Le Chemin des 100 tours en Sardaigne, une expérience intense à la recherche de vues à couper le souffle et de spiritualité
3 minutes
Une route côtière classée parmi les chemins spirituels les plus surprenants d'Italie, un itinéraire entre histoire et aventure qui touche toutes les tours côtières, autrefois des structures stratégiques de l'île, sans jamais s'éloigner de plus de 2 kilomètres de la mer, en traversant des plages, des villages et des villes, des chemins muletiers sur la côte, des vues panoramiques et des terres sauvages.
Vacances en Sardaigne, entre spiritualité et défi
Pour certains, le Chemin est un parcours naturaliste à la découverte des paysages les plus pittoresques de l'île, une façon alternative de passer des vacances en Sardaigne , pour d'autres, c'est un authentique voyage religieux ou, plus généralement, spirituel : affronter les intenses journées de marche qui séparent les 70 étapes du chemin peut également être l'occasion d'entreprendre une exploration intérieure, à la découverte de ses propres limites physiques et mentales.
Un voyage spirituel, à entreprendre en totalité ou par petites étapes
Le Chemin des 100 tours est un itinéraire en boucle divisé en 8 chemins, avec différents degrés de difficulté : il s'étend sur 400 kilomètres de plage, 600 kilomètres de sentier et 230 kilomètres de route goudronnée. Vous pourrez le parcourir entièrement, si vous avez beaucoup de temps : c'est une aventure extrême, qui nécessite de 45 à 60 jours de marche , ou choisir de n'en parcourir que quelques tronçons.

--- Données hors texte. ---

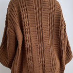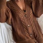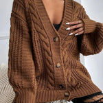 Tento oversize pletený svetr vyzařuje klasické kouzlo s tlustými pletenými detaily a uvolněným, volným střihem. Hluboký V-výstřih, spadlé ramena a široké manžety vytvářejí bezstarostný styl. Velké přední knoflíky dotvářejí design, což z něj činí ideální kousek pro vrstvení – od jemných braletek po pohodlné základní kousky.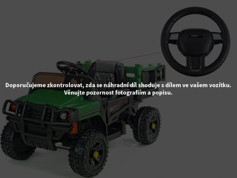 Volant určený pre detské elektrické autíčko Farm Trac BDM0926, priemer volantu 21 cm, je možné nasadiť na os s priemerom 12 mm. Pred objednaním náhradného dielu venujte pozornosť fotografiám a popisu. Aj keď máte rovnaké vozidlo, jednotlivé diely sa môžu líšiť. Odporúčame preto pozorne skontrolovať, či sa náhradný diel zhoduje s dielom vo vašom vozidle. Celý popis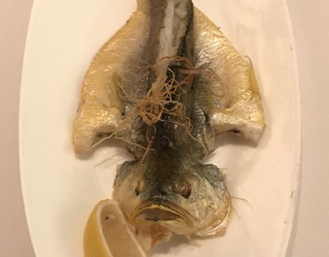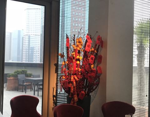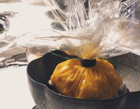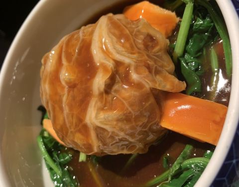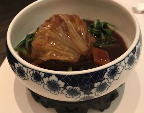 店堂明亮,设包房和露天座位,大堂内的圆桌有隔断,互不打扰。橙香火焰鸭是特色菜之一,个头不大,塞满糯米有点像八宝鸭,上桌前淋朗姆酒点燃,鸭皮带着橙香,微甜。干烧多宝鱼去骨,调味辣度适中。松茸白菜如意卷的上汤很鲜。服务及时、态度很好。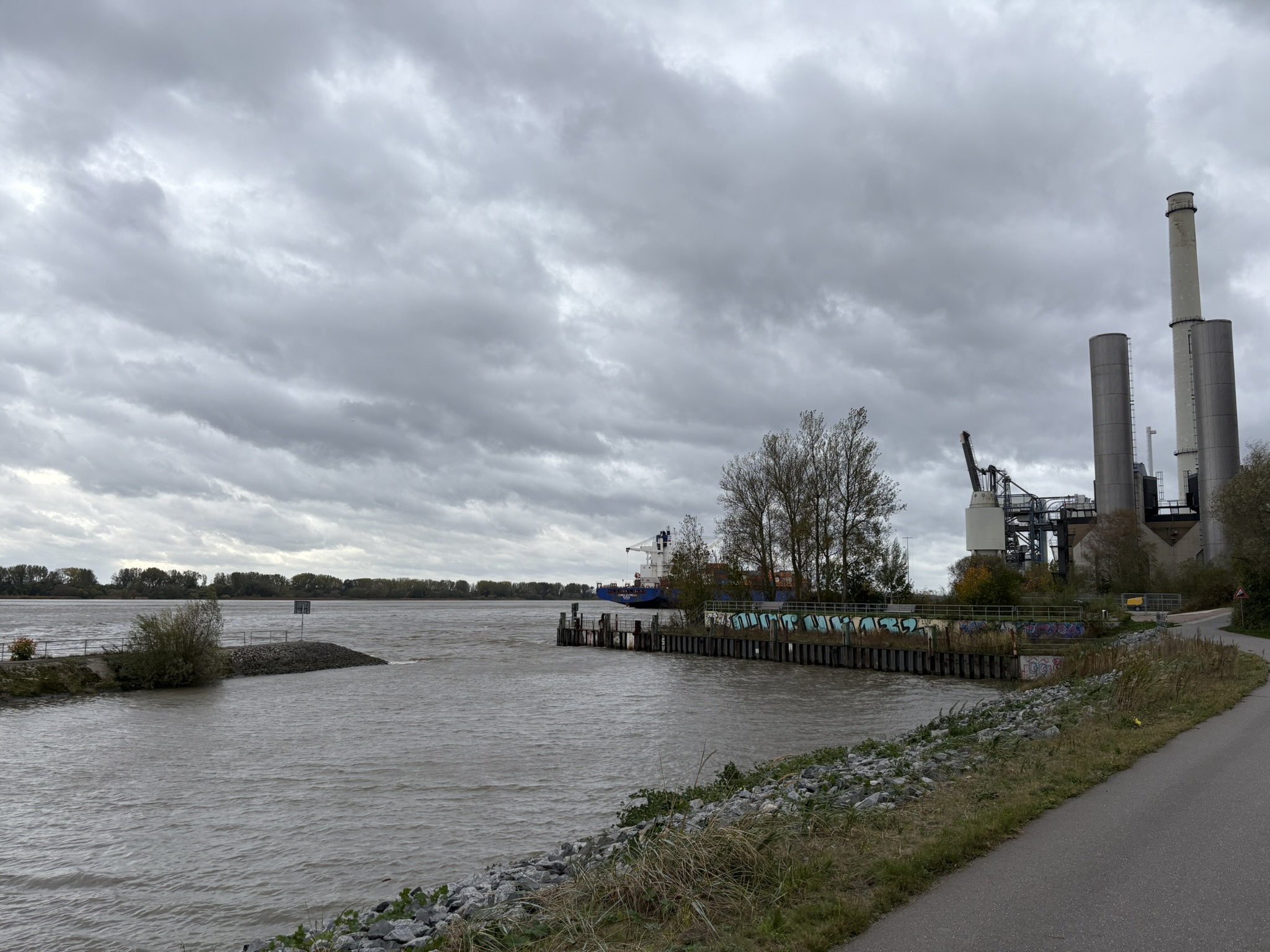 Herbststurm über der Elbe. Grauer Himmel, Wind aus West. Das Wasser drückt tief in die kleine Bucht am Rand des BusinessParks. Zwischen Graffiti an alten Spundwänden und neuen Sitzbänken steht die Mole, die Wellen rollen an die Steinschüttung. Still ist es nicht, aber der Ort wirkt heute zurückgenommen. Wer hier steht, schaut auf ein Stück Wedeler Geschichte.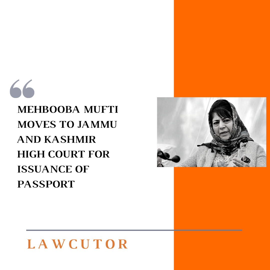 Former Jammu and Kashmir chief minister and president of people’s Democratic Party mehbooba mufti has moved to Jammu and Kashmir high court seeking directions to government and police authorities to issue passport.

Un parcours en boucle sur les deux côtés de la côte sarde
Le trajet est divisé, pour des raisons pratiques, en deux segments, que vous pouvez également choisir : le Chemin oriental serpente de Cagliari à Castelsardo, 597 kilomètres de plages et de chemins de terre qui comprennent la Via degli Angeli, de Cagliari à Villasimius, en passant par la longue plage du Poetto , la Via Sarcapos, de Villasimius à Arbatax, entre tours et églises, au milieu de paysages côtiers enchanteurs , la Via Ogliastra, l'une des plus rudes, d'Arbatax à Budoni, entre mer et montagne, le long des sentiers du Supramonte, et la Via Gallura, entre Budoni et Castelsardo, à travers les plus beaux villages sardes, avec une vue imprenable sur l'île de Tavolara et l'archipel de la Maddalena.
Le Chemin occidental, de l'autre côté et dans le sens opposé, s'articule le long de chemins muletiers, de miroirs d'eau douce et de dunes, entre Castelsardo et Cagliari.
On part le long de la via Catalana, le fleuron du Chemin, de Castelsardo à Bosa, en passant par des tours et des phares , de Bosa Marina, si vous n'êtes pas encore fatigué, la via dei Giganti, l'un des tronçons les moins exigeants, vous mènera jusqu'à Torre dei Corsari, en passant par des sites archéologiques nuragiques, phéniciens et romains , de là part la via delle Miniere, qui mène à Porto Scuso, en traversant le premier parc géominéral, le premier parc géominéral au monde inscrit au nouveau réseau mondial de Géosites-Géoparcs créé par l'Unesco. Le tronçon qui ferme le périple est la Via del Martirio, celle qui a la connotation religieuse la plus étroite, qui touche les sites des martyrs de Sant'Antioco et Sant'Efisio, passe par les îles de San Pietro (Carloforte) et Sant'Antioco en traversant Calasetta, jusqu'à Porto Pino et enfin à Cagliari.
Comme le long de chaque chemin de pèlerinage, sur le Chemin des 100 tours, vous pouvez passer la nuit dans des campings, des demeures religieuses et privées, des hôtels et des chambres d'hôtes.
En juillet et août, il est conseillé de réserver , en hiver, de nombreux établissements ferment, même si le Chemin est praticable toute l'année : il est donc préférable de vérifier à l'avance les disponibilités.
Le passeport du marcheur
En plus des chaussures techniques et de l'équipement de randonnée nécessaire pour affronter de longs itinéraires, l'association qui gère les chemins en Italie, y compris celui des 100 tours, recommande aux voyageurs de garder dans leur sac à dos le passeport du pèlerin, en vente sur Amazon, un guide-document qui, en plus de faciliter l'accès aux différentes structures d'hébergement, atteste de la volonté des marcheurs de respecter la philosophie qui anime le parcours.
Un engagement qui distingue celui qui l'entreprend de tout autre touriste et garantit l'authenticité de l'expérience.